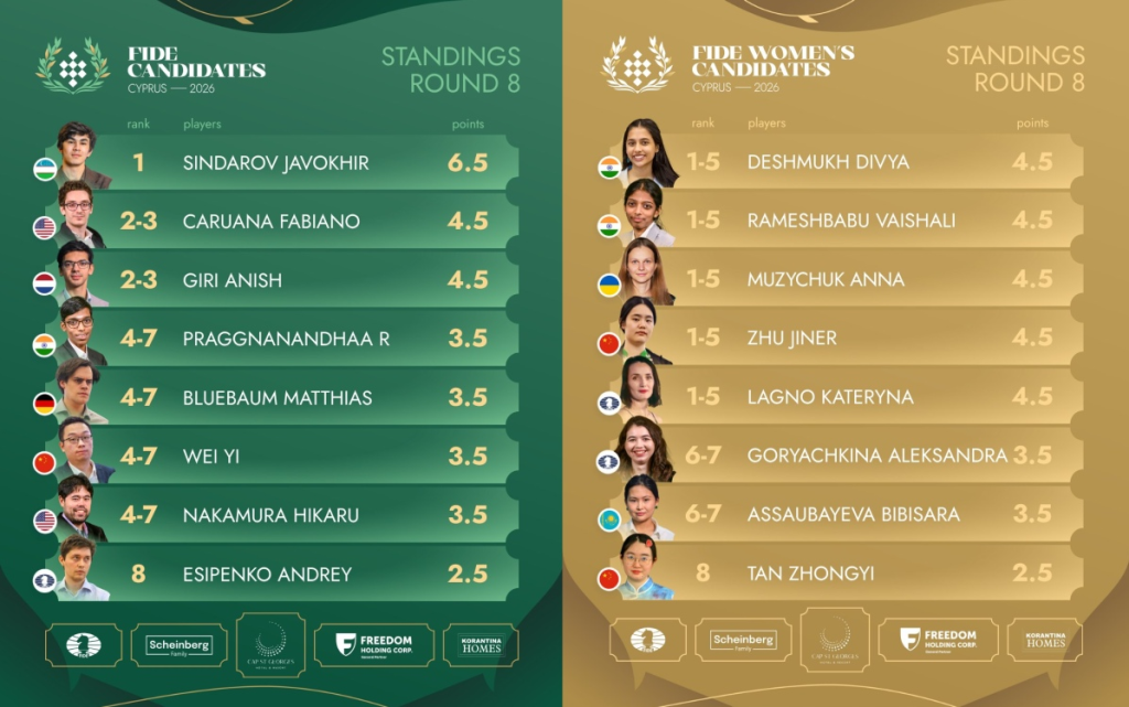 In the FIDE Women’s Candidates, Anna Muzychuk lost to Divya Deshmukh, leaving five players tied for the lead and the tournament wide open. Three decisive outcomes in Round 8 highlight the remarkable balance and competitiveness of the women’s field.
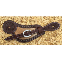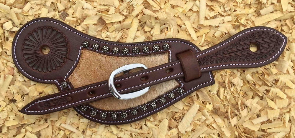 Westernové kožené řemínky k ostruhám zdobené chlupatou hovězí kůží a nýtky po obvodu, obšité a podložené telecí kůží. Nerezové kování.
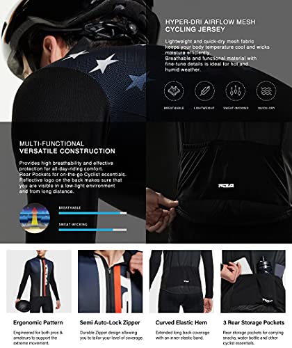 TSLA Maglia da Ciclismo da Uomo, Maniche Lunghe, ad Asciugatura Rapida, Traspirante, rifrangente, con 3 Tasche Posteriori, MCT22 1Confezione - Stelle E Strisce, XXL
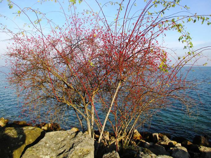 Keywords: wild rose beautiful rose hip red romanshorn lake stones sky blue green leaves branches plant nature
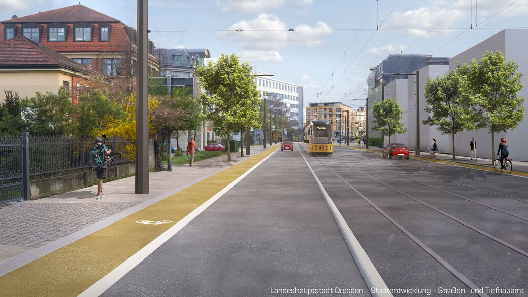 Nicht immer: Zwischen Albertplatz und Katharinenstraße haben die Straßenbahnen eine eigene Spur. Im Abschnitt zwischen Katharinenstraße und dem Bischofsweg nutzen Straßenbahnen und Autos dann gemeinsam die Fahrbahn, im Bereich zwischen Bischofsweg und Stauffenbergallee werden die Bahnen wieder vom Kfz-Verkehr getrennt.
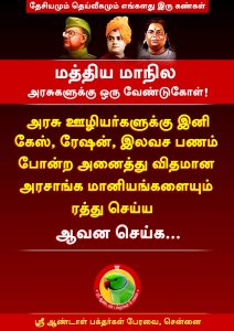 அரசு ஊழியர்களுக்கு இனி கேஸ், ரேஷன், இலவச பணம் போன்ற அனைத்து விதமான  அரசாங்க மானியங்களையும் ரத்து செய்ய ஆவன செய்க….
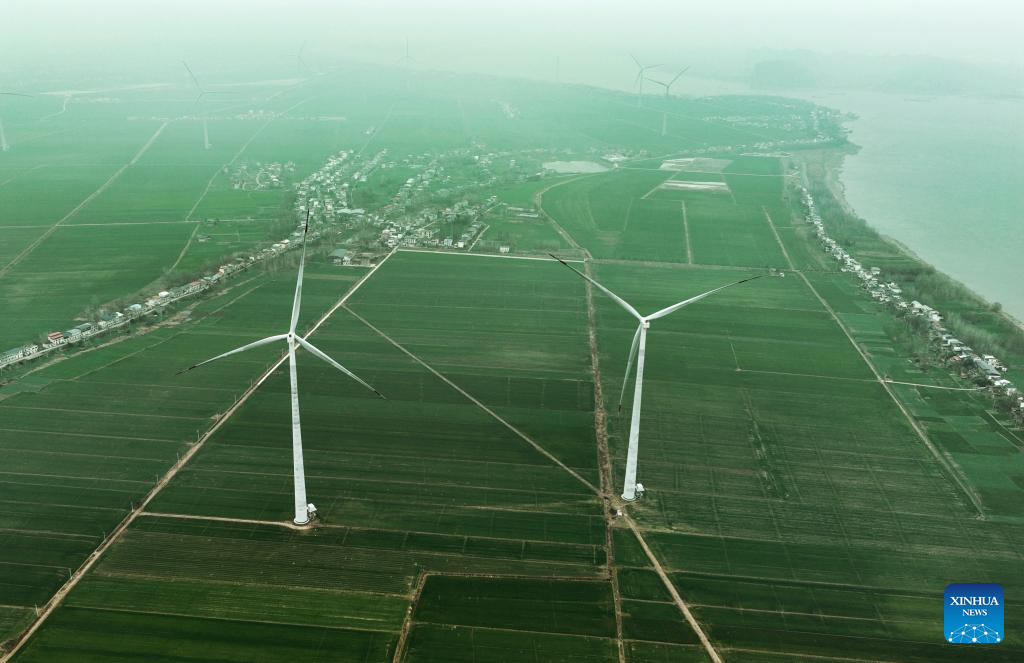This drone photo shows the wind turbines on Mianchuan Island of Jiujiang City, east China's Jiangxi Province, Jan. 29, 2026. Mianchuan Island, located in the Jiangxi section of the Yangtze River and surrounded by water, covers an area of 104 square kilometers. It can be reached by a ten-minute ferry ride from Madang Ferry Terminal in Jiujiang City. (Xinhua/Wan Xiang)

• _Problem requirements_:
Write out, exactly and with no pictures, the lines of the data from the first through the line containing "Westernové kožené řemínky".

• _Answer area_:
 In the FIDE Women’s Candidates, Anna Muzychuk lost to Divya Deshmukh, leaving five players tied for the lead and the tournament wide open. Three decisive outcomes in Round 8 highlight the remarkable balance and competitiveness of the women’s field.
 Westernové kožené řemínky k ostruhám zdobené chlupatou hovězí kůží a nýtky po obvodu, obšité a podložené telecí kůží. Nerezové kování.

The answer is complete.